Dassanayake Anuradha S
Faculty of Medicine, University of Kelaniya, Kelaniya, Sri Lanka.
Euroasian J Hepatogastroenterol. 2018 Jan-Jun;8(1):69-72. doi: 10.5005/jp-journals-10018-1263. Epub 2018 May 1.
Nonalcoholic fatty liver disease (NAFLD) is becoming one of the most important causes for chronic liver disease and also hepatocellular carcinoma (HCC) in Sri Lanka. This tendency is also recognized worldwide. More than half of the middle-aged and elderly adults in urban Sri Lanka have ultrasonic evidence of NAFLD. The NAFLD is also identified in population from rural areas of Sri Lanka and also in children. Nonalcoholic steatohepatitis (NASH) cirrhosis is the most common cause of referral for liver transplantation in Sri Lankans. The NASH is also the most common cause for rejecting potential donors for liver transplantation in Sri Lanka. Patients who underwent liver transplantation for cryptogenic cirrhosis developed evidence of NASH following liver transplantation. Recent evidence suggests that there is a genetic component to NAFLD. PNPLA3, a single gene polymorphism linked to the short arm of chromosome 22, is associated with the severity of NAFLD. The presence of this genetic polymorphism appears to carry higher risk of patients with NAFLD developing NASH with fibrosis cirrhosis and hepatocellular carcinoma. In a large population-based study from Sri Lanka, there was a tendency to develop NAFLD associated with this genetic polymorphism. In a population-based study, NAFLD was identified as an independent risk factor for development of diabetes. This association is recognized worldwide now. Most patients with HHC in Sri Lanka developed it on a back ground of cryptogenic cirrhosis. At the same time, the prevalence of the markers for hepatitis B and C was rare in Sri Lankan patients with HCC. Dassanayake AS. Nonalcoholic Fatty Liver Disease: Identifying the Disease Burden in Sri Lanka. Euroasian J Hepato-Gastroenterol 2018;8(1):69-72.

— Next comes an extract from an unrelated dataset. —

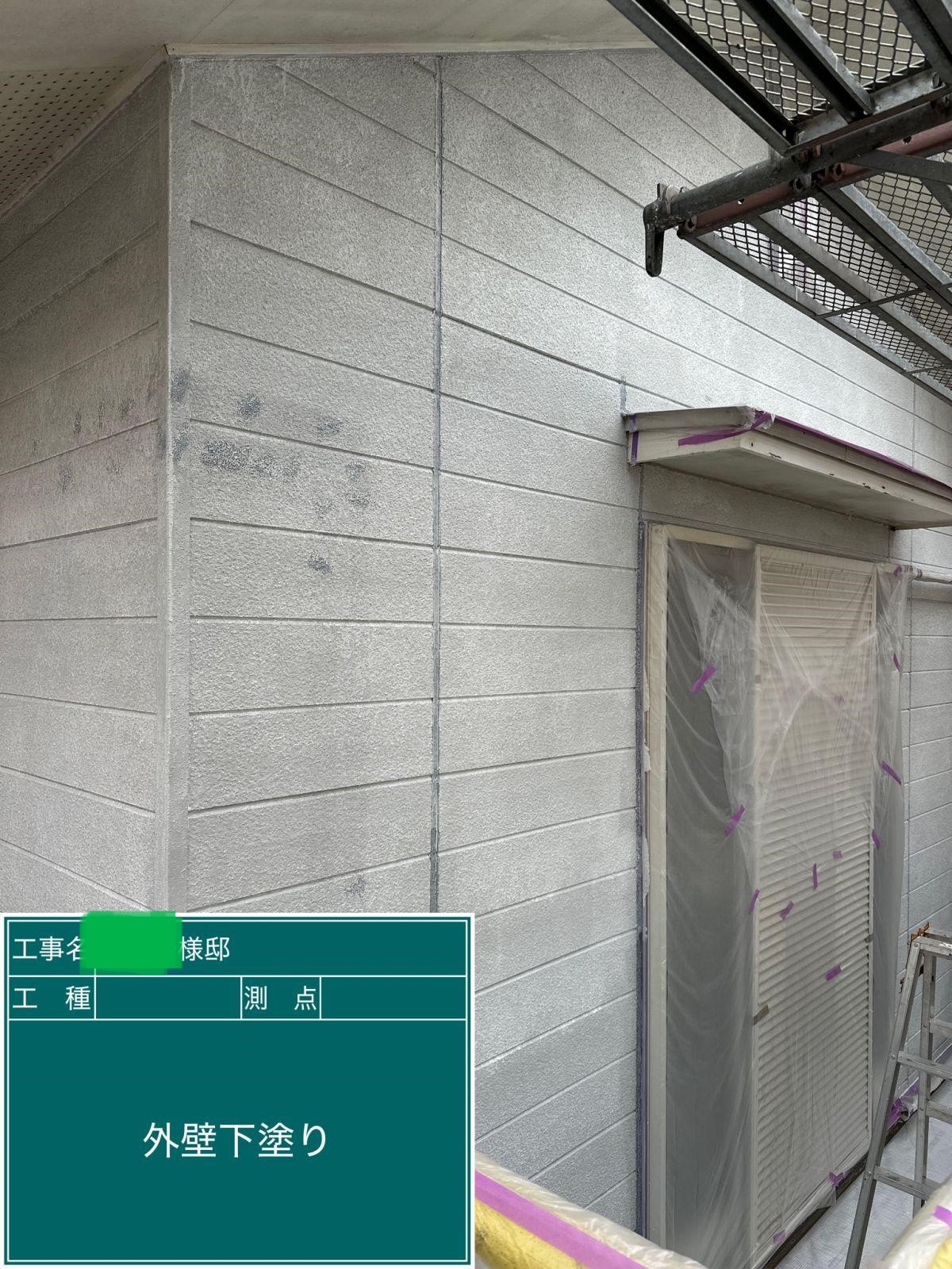 外壁の下塗りを行いました。

非酒精性脂肪性肝病(NAFLD)正成为斯里兰卡慢性肝病以及肝细胞癌(HCC)的最重要病因之一。这种趋势在全球范围内也得到认可。斯里兰卡城市地区超过一半的中老年人有NAFLD的超声证据。NAFLD在斯里兰卡农村地区的人群以及儿童中也有发现。非酒精性脂肪性肝炎(NASH)肝硬化是斯里兰卡人肝移植转诊的最常见原因。NASH也是斯里兰卡肝移植潜在供体被拒绝的最常见原因。因隐源性肝硬化接受肝移植的患者在肝移植后出现了NASH的证据。最近的证据表明,NAFLD存在遗传因素。PNPLA3是一种与22号染色体短臂相关的单基因多态性,与NAFLD的严重程度有关。这种基因多态性的存在似乎使NAFLD患者发生NASH伴纤维化肝硬化和肝细胞癌的风险更高。在斯里兰卡一项基于大规模人群的研究中,存在与这种基因多态性相关的发生NAFLD的倾向。在一项基于人群的研究中,NAFLD被确定为糖尿病发生的独立危险因素。这种关联现在在全球范围内都得到了认可。斯里兰卡大多数HHC患者是在隐源性肝硬化的背景下发病的。与此同时,在斯里兰卡HCC患者中,乙肝和丙肝标志物的患病率很低。Dassanayake AS。非酒精性脂肪性肝病:确定斯里兰卡的疾病负担。《欧亚肝脏胃肠病学杂志》2018年;8(1):69 - 72。